Many colleges and universities are wrestling with their fall academic calendars as they worry about how to reopen campuses amid a deadly pandemic that could produce a second wave of novel coronavirus infections. The public University of South Carolina has staked out an intriguing plan:

Bring students back to campus in August, teach in person for three months and switch to remote instruction after Thanksgiving.

Schools nationwide face extraordinary pressure to reopen campuses to ensure they maintain enrollment and collect tuition revenue. But many are delaying announcements about fall plans until June or July as they game out tricky scenarios about how to house and teach students without running undue health risks.

The state flagship university in South Carolina, which ordinarily enrolls about 34,000 students on its campus in Columbia, announced May 6 it intends to bring students back in August. On Sunday, the university followed up with a plan to run a compressed semester that cancels a usual two-day break on Oct. 15 and 16 in the interest of minimizing the chances student travel will spread the virus.

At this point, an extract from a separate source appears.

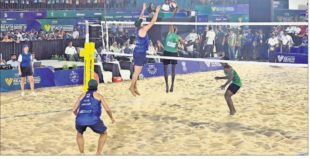
ଗୁରୁବାର ଖେଳାଯାଇଥିବା ଏକ ମ୍ୟାଚ୍ରେ ଉତ୍ସାହୀ ପୁରୁଷ।

ଭାରତରେ ପ୍ରଥମ ଥର ପାଇଁ ଏଫ୍ଆଇଭିବି ବିଶ୍ୱ ବିର୍ ଭଲିବଲ୍ (ମହିଳା ଓ ପୁରୁଷ) ଚାମ୍ପିୟନଶିପ୍ ବୁଧବାର କିର୍ ବିଶ୍ୱବିଦ୍ୟାଳୟ ପରିସରରେ ଉଦ୍ଘାଟିତ ହୋଇଛି।

“I realize that students and faculty look forward to getting away and recharging in the middle of the semester, and I appreciate that many of you will not be pleased with the decision to cancel Fall Break,” university President Bob Caslen wrote in a message to the community. “These changes are part of the new normal that all of us must embrace as we return to campus for work and study, and they are necessary for us to successfully resume in-person instruction. Most importantly, they reflect our top priority: your health, safety and wellbeing.”

Caslen wrote that the plan to switch to online instruction after Thanksgiving is meant to avoid a potential public health threat. The university’s “best current modeling predicts a spike in cases of COVID-19 at the beginning of December, which also will likely coincide with traditional flu season,” he wrote.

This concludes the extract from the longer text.